On App Lab, click the application and launch it with the ‘Run’ button. Starting the application for the first time will take some seconds since the system needs to pull necessary Docker images. Once this is finished the application container will be started and the app will automatically open in the web browser. You can also open the Web UI manually on the browser by setting URL to the local IP address of the UNO Q and port 7000. Web UI In the default application, when a beer is detected the SmolVLM-500M model will be loaded and prompted. This process will utilize almost all of the remaining RAM and CPU. As the VLM processing is running, subsequent triggering will not occur until the process has finished. On the Web UI, the video feed continues showing live camera stream and bounding boxes (or centroids in the case of FOMO). Finally the response from the VLM model will be shown on the UI. VLM analysis with beer Using VLM-based actioning can also reduce false positives. For instance, sometimes the FOMO model would classify cans or background objects as beer. This errors can come from difference in lighting, background and variation in objects compared to the data used in training. However, by re-evaluating a frame with a VLM the model is able to clarify that only energy drinks are present. VLM analysis on false beer detection

SmolVLM-500M performance evaluation (2GB vs 4GB UNO Q)

The performance evaluation of SmolVLM-500M on the UNO Q 2GB and 4GB variants showed near identical inference speeds. The prompt evaluation rates was 4.08 and 3.96 tokens/second respectively and total inference times of approximately 22.3 and 23.3 seconds. Interestingly, the vision encoder dominated more than 90% of the compute time across both boards, showing that the bottleneck is the CPU during the image encoding as compared to the available memory (RAM). 2GB VS 4GB UNO Q When running the SmolVLM-500M model on the 2GB board, the CPU utilization was 100% while peek RAM consumption was 780MB out of the available 1.70GB. SmolVLM-500M on 2GB UNO Q With the same model running on the 4GB board, the CPU utilization was 99% while the peek RAM consumption was 1.21GB out of the available 3.58GB. SmolVLM-500M on 4GB UNO Q Note that you can run either the SmolVLM-256M or SmolVLM-500M model. However, in my experiments, the SmolVLM-256M model showed significant limitations in captioning. It occasionally produced hallucinated text, misidentified bottles for cans, and was less reliable in following instructions compared to the expectations. Looking at the model’s training details, we can see that just 18% of the training data was dedicated to image captioning tasks. This and the smaller parameter size are likely constrains of its capacity, making it suitable for relatively simple image description use cases rather than detailed visual reasoning.

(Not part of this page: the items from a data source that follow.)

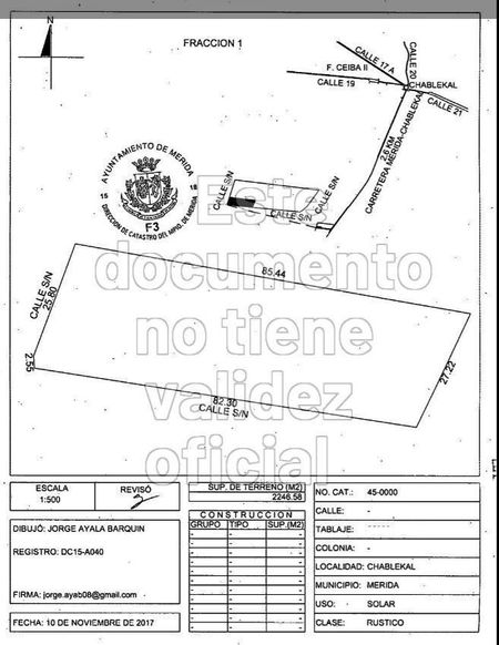 Está en esquina y tiene frentes de 82 metros al sur y de 28 metros al oeste.; por lo que es muy aprovechable para lotificar.
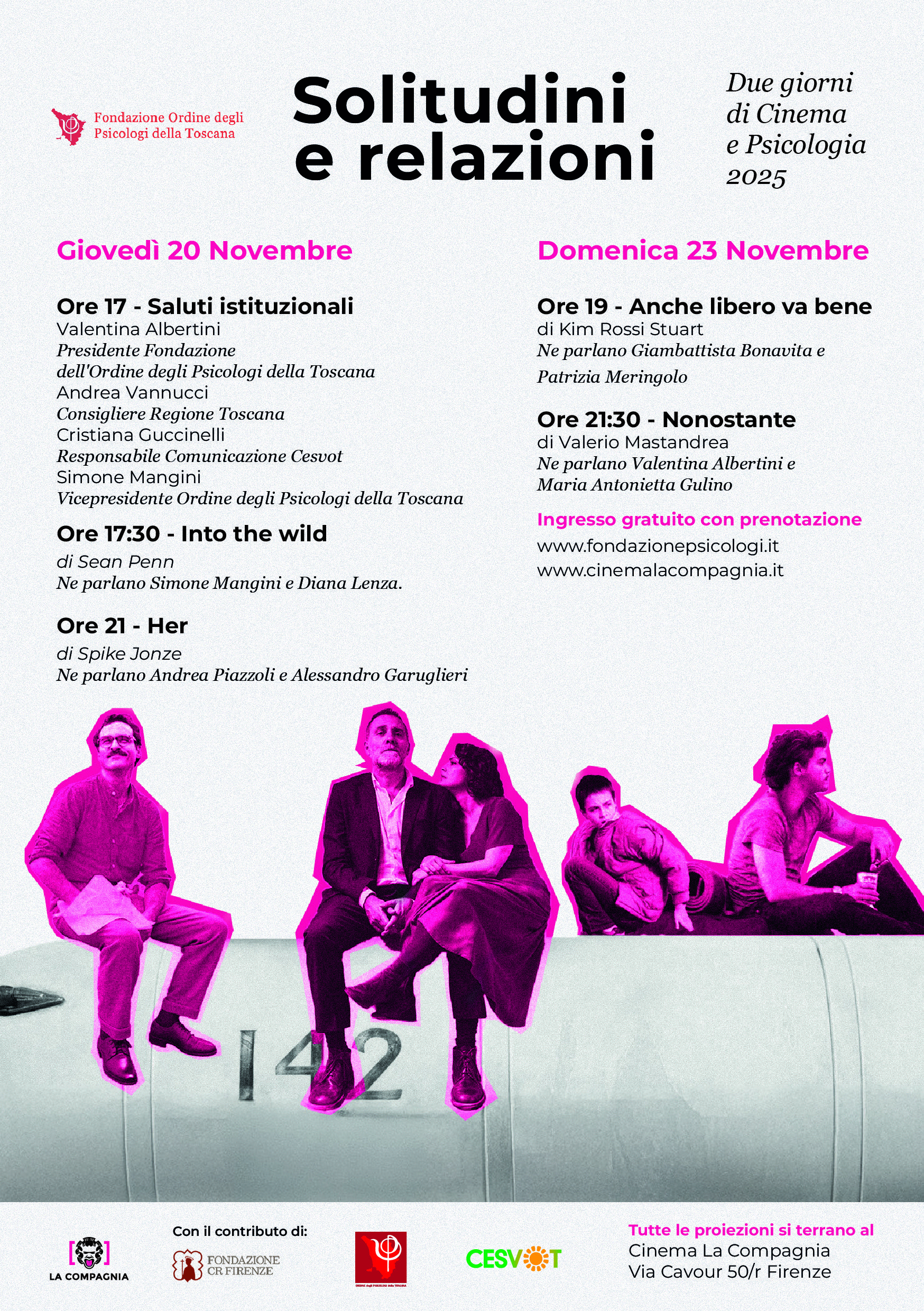 Cinema e Psicologia si incontrano a Firenze, un'iniziativa promossa dalla Fondazione Ordine degli Psicologi della Toscana insieme all'Ordine degli Psicologi della Toscana, con il contributo di Ente Cassa Risparmio di Firenze e Cesvot.
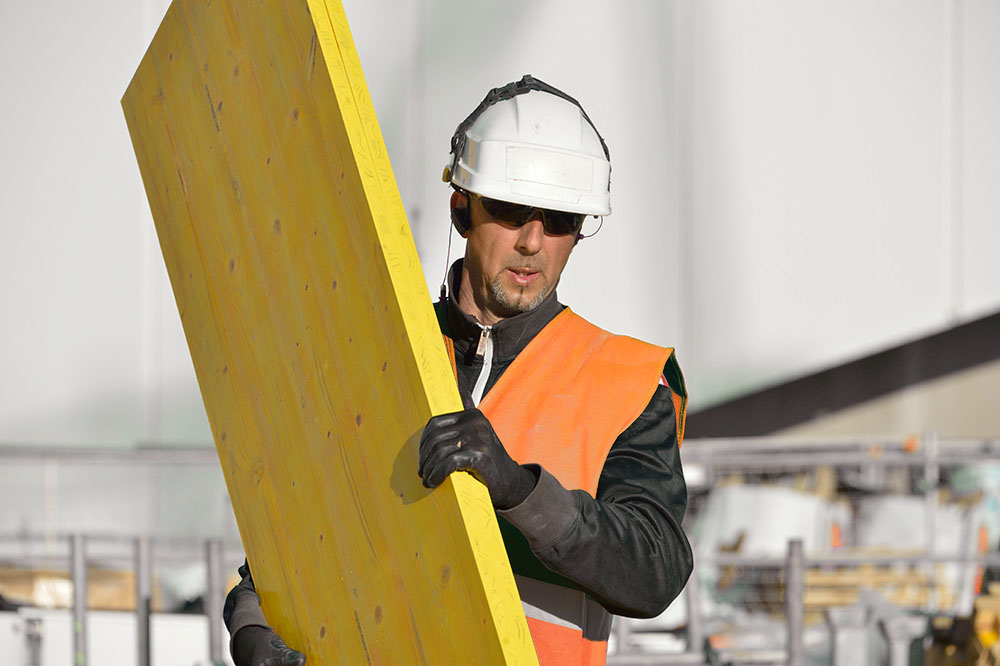 Composto por três capas de abeto aderidas. A colagem AW 100 é realizada segundo a norma ÖNORM B3023. As fibras da primeira e terceira capa (A) são perpendiculares a da segunda capa (B).
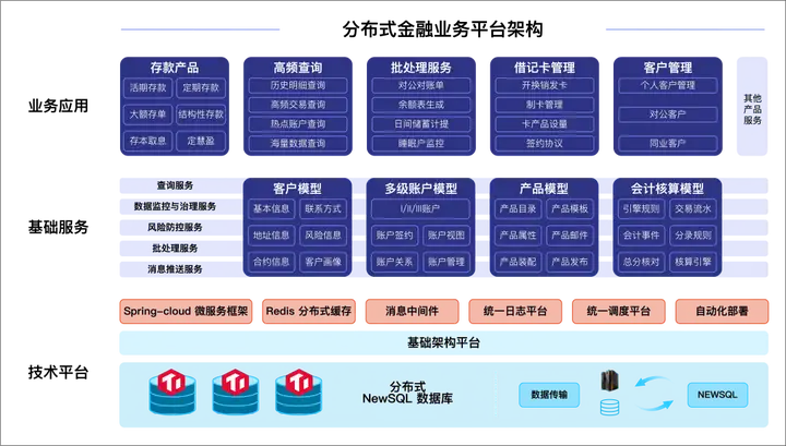 分布式金融业务平台 是北京银行基于 TiDB 搭建的全新的金融业务平台,通过 TiDB 多用户共享资源机制,构建了查询服务、数据监控、风险防控等多项微服务架构,为客户提供存款、查询等多项服务。从 2018 年起,分布式金融业务平台陆续对接网联支付清算平台、银联无卡快捷支付平台、金融服务互联平台、网贷业务平台等多个核心金融业务场景。平台充分利用 TiDB 的 HTAP 混合业务处理能力,实现联机业务和在线分析业务的隔离,支持的数据表超过 80 亿+ 条数据,支撑超过 1 亿客户的互联网金融业务,同时满足联机业务和实时分析应用的不同场景需求。

To load the SmolVLM-256M model, you need to first download these open-source files and put them in the models folder: mmproj-SmolVLM-256M-Instruct-Q8_0.gguf and SmolVLM-256M-Instruct-Q8_0.gguf. Next, in main.py update model_path and mmproj_path to point to the downloaded SmolVLM-256M files.

Key Takeaways

Cascading AI models significantly improves AI systems by going beyond simple detections to richer understanding. Through Edge GenAI models, we can deploy such systems locally, reducing computational cost and latency. With platforms such as Edge Impulse, this workflow has been simplified and made possible to deploy on edge devices such as the UNO Q. Beyond this, VLMs are trained on large datasets, such as The Cauldron and Docmatix. In this case, they have a stronger understanding of real-world environments. For example, the ability of the SmolVLM2 models to describe “a can of Red Bull” or “a bottle of Heineken beer” highlights potential applications such as real-time medical systems that can estimate nutritional properties such as sugar and calorie content, straight from the webcam!